Hawaii hosting major esports tournament
The U.S. professional football season is just getting underway, but the international esports scene is heading into a grand finale this week... in Honolulu.
While it may be a stretch to call it the Superbowl of esports, the Overwatch League is kicking off its 2021 Overwatch League Playoffs at the University of Hawaii on Saturday, with the finals set for the following Saturday, Sept. 25.
This unique and significant opportunity comes after UH successfully hosted a mid-season, trans-Pacific tournament in May, hosting qualifying teams from Dallas and Florida in the U.S. and Shanghai and Chengdu in Asia.
Whither esports?
If you haven't been paying attention to professional esports, we've come a long way from LAN parties in musty internet cafes. As your kids and grandkids will tell you, esports is big business, rivaling traditional, ball-based sports.
The first Overwatch League Grand Finals in 2018.
All the trappings are there, from aggressive recruiting to college scholarships (including in Hawaii), from big paydays to sold-out arenas full of screaming fans, from celebrities and scandals to, of course, investors and venture capital.
Esports is a massive, and growing, global industry, said to be worth $1 billion today, and perhaps twice that by next year.
Despite being thousands of miles from any other major city, and despite "playing on a hawaii server" being a gamer joke for handicapped play, it turns out the Aloha State has lots to offer and a lot of opportunity in the esports world.
What is Overwatch?
Overwatch is one of the biggest video games in the world, with over 60 million players and raking in over a billion dollars in in-game spending. (Sales of a pink skin, or virtual outfit, raised $12.7 million for breast cancer research alone in 2018.)
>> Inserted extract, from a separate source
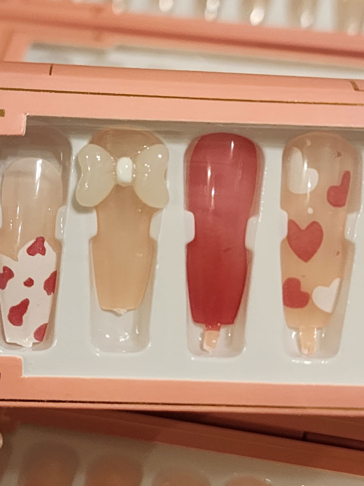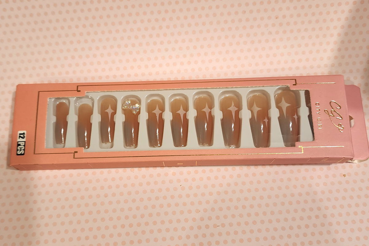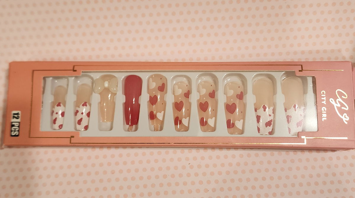 12 uñas de diferentes tamaños más una plancha de adhesivo

Overwatch is categorized as a team-based shooter, or "hero shooter," with six-on-six competitive matches.
The Overwatch League is organized by Blizzard, which publishes the game (and its sequel, Overwatch 2) and describes it as "the first major global esports league with city-based teams."
While watching other people play video games may sound dull (or at least less interesting than watching other people play with balls), esports tournaments today are elaborate, raucous, brilliantly produced contests that fill stadiums and arenas and rival many sports championships.
Before the pandemic, anyway.
Esports in the time of COVID
COVID-19 put a swift end to in-person esports events in 2020, and sadly 2021 turned out to be no less merciful to those hoping to join cheering crowds in a major city.
Game publisher Riot Games, which makes League of Legends and Valorant, decided to move its events to Reykjavik, Iceland in May. Overwatch, meanwhile, officially canceled its in-person events last month, also leaving audiences only able to watch online.
But they'll be watching players on the UH Mānoa campus.
How did this come to be? I went straight to the source: Nyle Sky Kauweloa.
Sky says
Sky is a communication and information sciences PhD student, head of the UH Mānoa Esports Task Force in the College of Social Sciences, and instructor. The focus of his studies, teaching, and passion is esports.
He made the connections that made Hawaii's hosting of professional esports possible, coordinating "Project Aloha," the successful May event that gave Blizzard the confidence it needed to bring its playoffs and finals back to Honolulu.
Even in the midst of the complex prep work needed for this week's events, Sky spent an hour with me to share some of the personal and professional stories behind this esports milestone.
Q. I always thought esports in Hawaii was a nonstarter because of our distance from other tech hubs. Not so much internet speed but latency, the delay. By the time you saw the enemy, he had already shot you and done a little dance. What made you think this was even possible?
A. For many years, since I was doing esports research at the college level, I would visit colleges in Canada, Irvine, Chicago, and I wondered why we didn't have something like this in Hawaii. I thought we could probably do really well in it.
Island nations have played a unique role in esports in 2021. The two biggest esports league are Overwatch and Riot’s World Tournaments. While Overwatch was in Hawaii they held in-person team versus team finals in Iceland for similar reasons. They also had to move to Iceland for their Finals, just like Overwatch is returning here.
This is like the NBA, this is like the MLB, and they're not pivoting to traditional esports metropolitan hubs. They're not going to LA, they're not to Houston (where people ended up getting COVID during a tournament), they went straight to these isolated island locations.
All this time I’ve been doing research and promoting esports in Hawaii. For Overwatch to come to Hawaii is validation. I'm happy about it because it does open up Hawaii for publishers and developers, too.
Q: But what about the long distances and slow pings?
Pacific undersea cable network (circa 2016). See SubmarineCableMap.com.
Even though we’ve been chosen to host these events, it’s no way a sign that we’ve somehow solved the problem, or that we don't need more infrastructure and broadband access. We were chosen, selected, that’s a very big deal. That is a marker. But we still have a problem, and in some ways, this is an issue we can’t say we’ve moved past.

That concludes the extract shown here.